Low oil price to hit GCC banks' profits


(MENAFN- Khaleej Times) GCC banks are better positioned in terms of financial fundamentals now than in 2008 when the economic crisis hit and oil plummeted, but a drop in deposit inflows could lower the level of available liquidity in the systems, Moody's Investor Service said on Wednesday.

The ratings agency said it expects low oil prices to pressure GCC banks' liquidity and profits, but foresees resilience.

The most immediate impact arising from a prolonged period of low oil prices on GCC banks will be felt on the liability side, "notably reduced deposit inflows from government and government-related entities" that could lower the level of available liquidity in the systems, the ratings agency said in a report.

Moody's expects the downside effects of the lower oil prices projected for 2015 and 2016 to be moderated by the policy response of GCC governments, which will likely opt to stimulate their economies through public spending. "Depending on the policy responses, a sustained drop in oil prices would have negative effects on public spending, confidence and hence economic growth," it said.

The Oman and Bahrain banking systems are most immediately vulnerable because of each sovereign's combination of high fiscal break-even oil prices ($103/bl and $127/bl respectively) and low or near zero reserve buffers (60 per cent of GDP for Oman, zero for Bahrain).

In addition to a decline in liquidity levels, both banking systems will face growth, profitability and possibly asset quality pressures.

The Saudi Arabia and the UAE banking systems are likely to be moderately affected, despite large reserve buffers (100 per cent and 140 per cent of GDP respectively) and a larger non-oil sector, due to their relatively high fiscal break-even oil prices ($106/bl and $77/bl).

"However, both governments can sustain elevated public spending levels to stimulate economic growth and support their banking systems, but they will face more immediate pressures to rationalise future spending and cut subsidies. As such, we expect subdued credit growth, lower profitability and in the longer term, some asset-quality weakness," Moody's said.

The Kuwait and Qatar banking systems are likely to be least immediately impacted given their sovereign's very low fiscal break-even oil prices ($54/bl and $60/bl respectively for 2015) and large reserve buffers (320 per cent and 140 per cent of GDP). "These twin strengths will allow them to moderate the effects of a protracted decline though continued public spending, thus helping support their economies and banking system fundamentals," said Moody's.
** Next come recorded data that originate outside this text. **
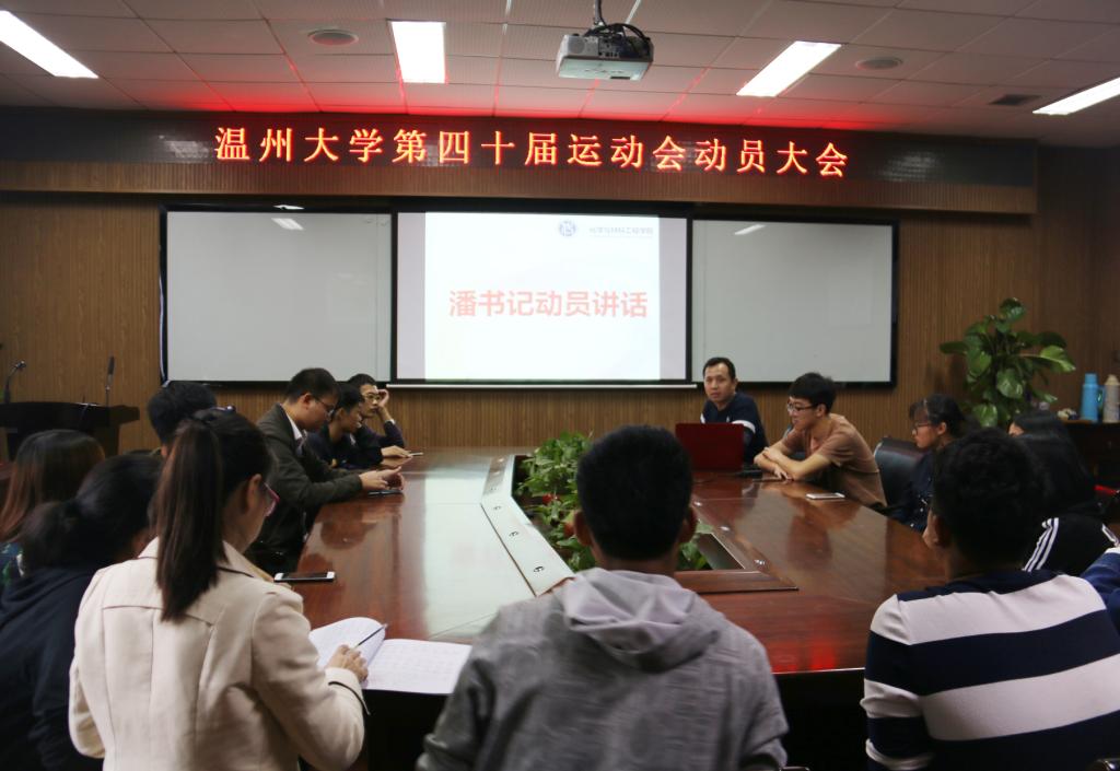 在化材楼11B204室召开第40届校运会动员大会。出席大会的有学院党总支副书记潘从义、学生科副科长易招娣、研究生辅导员邹涌彬、学生会主席章林祥及全体运动员、后勤保障人员。动员会由易招娣老师主持。
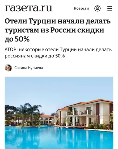 🇹🇷Туристам из России стали предлагать скидки до 50% на отели в Турции, — АТОР Причина в том, что европейцы стали гораздо реже ездить в Турцию на фоне конфликта на Ближнем Востоке. В итоге свободны
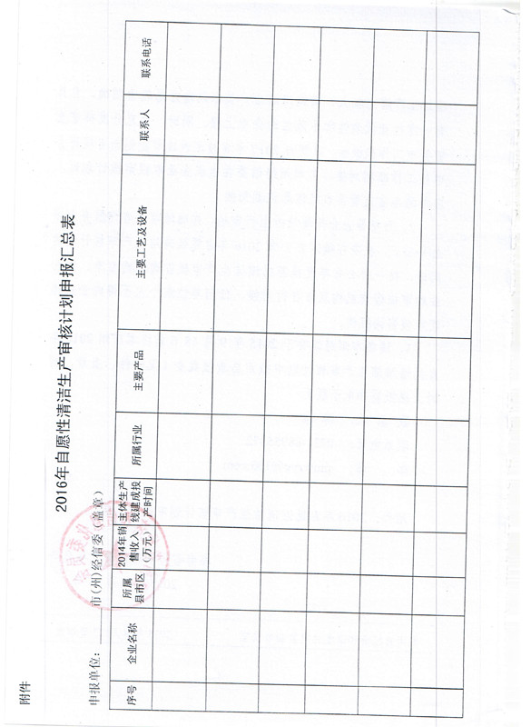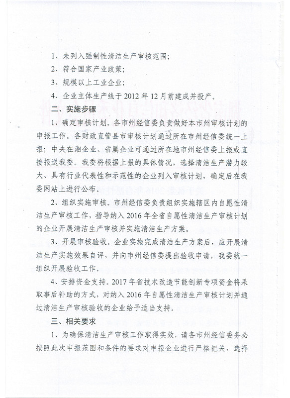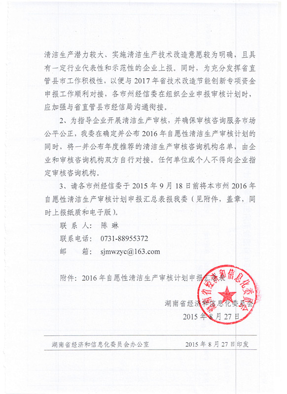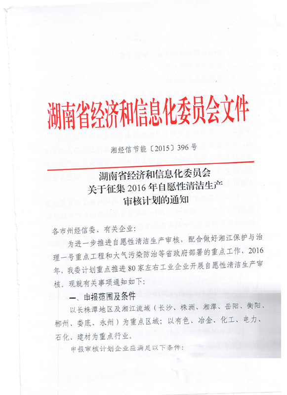 转发湖南省经济和信息化委员会《关于征集2016年自愿性清洁生产审核计划的通知》(湘经信节能【2015】396号)
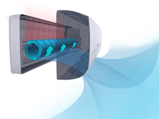 Smooth air flow in every direction with aeronautically inspired, streamlined vents to cool the room quickly.
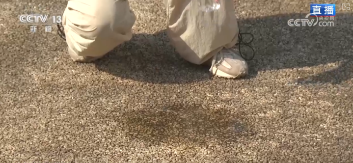 做个小实验,把手中这瓶水倒在地面上,水很快就渗进了地砖下,消解速度非常快,就像是把水“喝”进去了。在下雨天,这样的透水铺装就能够帮助雨水快速下渗。
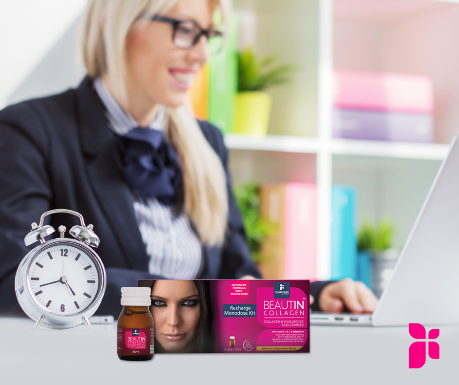 Και επειδή η ομορφιά αρχίζει εκ των έσω, σας προτείνουμε να ξεκινήσετε από σήμερα κιόλας! Θα πάτε σ’ ένα φαρμακείο, και θα προμηθευτείτε το BEAUTΙΝΤΜ COLLAGEN, ένα σύμπλεγμα ομορφιάς σε συμπλήρωμα διατροφής με υδρολυμένο κολλαγόνο, ενισχυμένο με υαλουρονικό οξύ, μαγνήσιο βιταμίνες A, B, C και ψευδάργυρο, το οποίο παρέχει σημαντικά οφέλη στον οργανισμό: Καταρχήν, προάγει την υγιή και όμορφη επιδερμίδα εκ των έσω, βελτιώνει την όψη του δέρματος, δυναμώνει τα μαλλιά, τα νύχια και όχι μόνον. Παράλληλα, ενδυναμώνει τους συνδετικούς ιστούς, τους χόνδρους και τις αρθρώσεις, ενισχύει τη φυσιολογική λειτουργία των οστών και μυών, βοηθά στη μείωση της κόπωσης και των μυϊκών κραμπών. Οι αντιοξειδωτικές ιδιότητές του καταπολεμούν τις ελεύθερες ρίζες, παρέχει υψηλής ποιότητας κολλαγόνο από καθαρή φυσική πηγή ιχθύων για την καλύτερη αξιοποίησή του από τον οργανισμό, ενώ περιέχει κολλαγόνο PeptanTM σε μορφή πεπτιδίων για αυξημένη απορρόφηση. Η φόρμουλα συστατικών του BEAUTINΤΜ COLLAGEN συμβάλλει στην ενίσχυση της φυσιολογικής παραγωγής κολλαγόνου, και είναι ενισχυμένο με υαλουρονικό οξύ για τα καλύτερα δυνατά αποτελέσματα. Το Beautin Collagen θα το βρείτε εμπλουτισμένο και με Μαγνήσιο σε 5 μονοδόσεις, για να το έχεις πάντα μαζί σου! Θα το λατρέψεις!
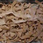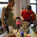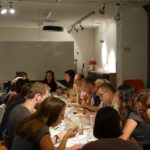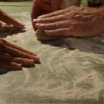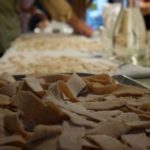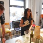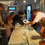 Als unsere beiden ersten Mitglieder, Sabine und Kaspar aus Basel, nachmittags im L200 an der Langstrasse eintrudelten waren die Pasta-Utensilien bereits ausgelegt und das Emmer – Mehl bereit, geknetet zu werden. Sabine und Kaspar erzählten mir, sie seien mit dem Zug von Basel her angereist und hätten schon lange grosse Freude an den feinen Crowd Container Lebensmitteln. Nach und nach vervollständigte sich unser Koch-Grüppli bis wir dann vollzählig von Maurice Maggi in den Nachmittag eingeführt wurden. Teig ausrollen, Mandeln zerstossen, Passata köcheln – die Zeit verflog wie im Winde und kurz bevor die restlichen Mitglieder zum Abendessen dazustiessen war die letzte Emmer – Nudel geformt und der Sugo abgeschmeckt. Es folgte ein wunderbares Schlemmen und Kennenlernen. Zu Getreidesorten wie Emmer, Dinkel und Einkorn erzählte uns Bernadette vom Forschungsinstitut für biologischen Landbau (FiBL) Spannendes. Unser Tobias schmückte das Gekochte mit Einblicken und Anekdoten zu den jeweiligen Produzenten dahinter. Nun, es war in vielerlei Hinsicht ein inspirierender Abend. Es trafen Menschen mit unterschiedlichsten Hintergründen, geografisch wie auch sonst, zusammen. Eines aber teilten wir alle, nämlich die Freude an Lebensmitteln und die Wertschätzung deren Geschichte dahinter.
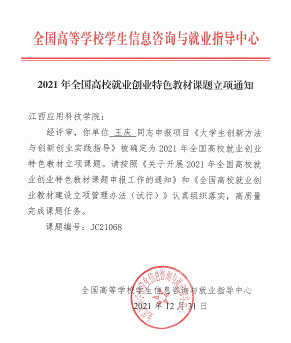 本网讯(记者/严远磊)近日,全国高等学校学生信息咨询与就业指导中心公布了2021年全国高校就业创业特色教材课题立项名单,全国共199个项目获得立项。江西应用科技学院王庆申报的《大学生创新方法与创新创业实践指导》(课题编号JC21068)在立项之列。
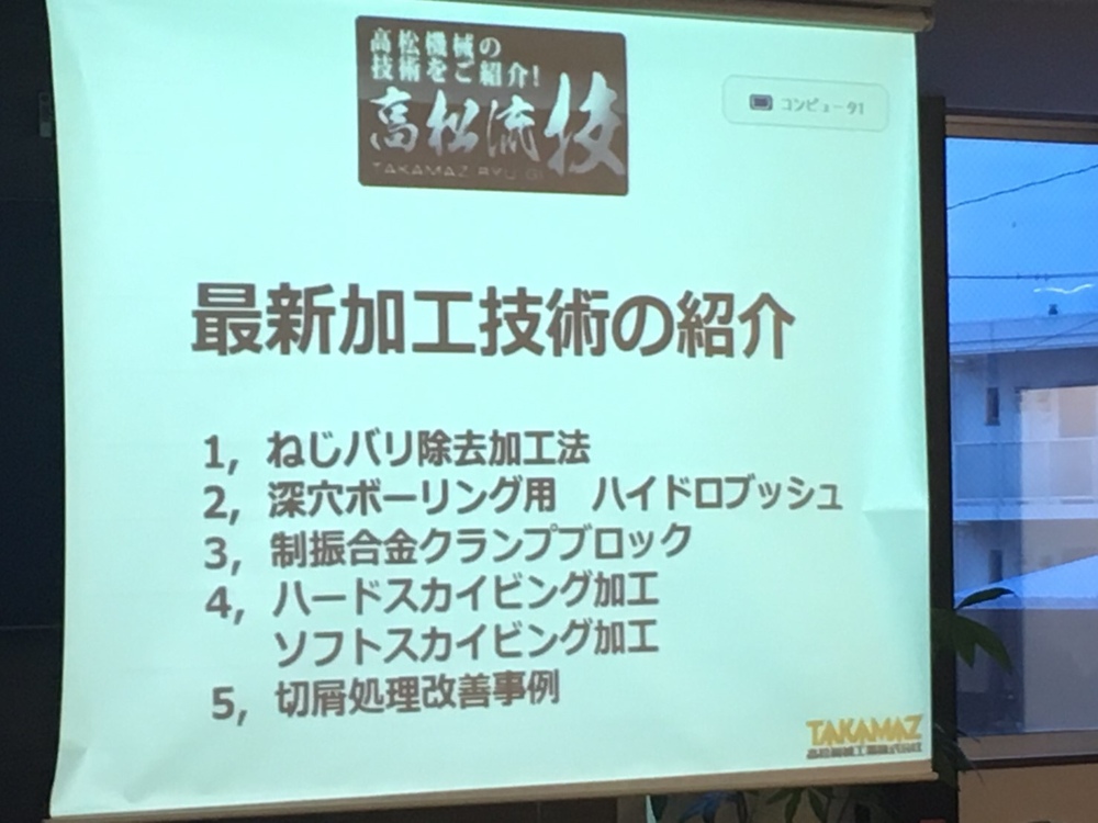 新規の設備搬入にタイミングを合わせ、最新の切削加工技術の紹介を頂きました。

GCC banks have better financial fundamentals today than those they had when the economic crisis hit and oil plummeted to $34 per barrel in 2008 down from $147 six months earlier. "When considering these buffers together with the likely support that GCC governments will provide to their domestic economies, we expect broad stability in the stand-alone ratings of the banks."

In Standard & Poor's opinion, upside for sovereign sukuk issuance in GCC countries is limited in 2015. Although S&P expects that lower oil prices will lead to fiscal deficits in some countries in the GCC, most governments' net asset positions will remain strong enough to enable their financing.

S&P sees some potential for increased sukuk issues, but the rationale behind choosing sukuk over conventional capital market instruments remains a decision for each individual government. S&P expects that most sovereign sukuk issues will relate to infrastructure projects and refinancing needs.

According to the ratings agency, GCC governments, corporations and project finance companies comprise the bulk of the second-largest sukuk market in the world, after Malaysia. "As a result, prevailing market sentiment suggests that overall sukuk issuance goes hand in hand with oil prices, which, independent of seasonal factors, is why sukuk issuance from November 2014 has been so subdued."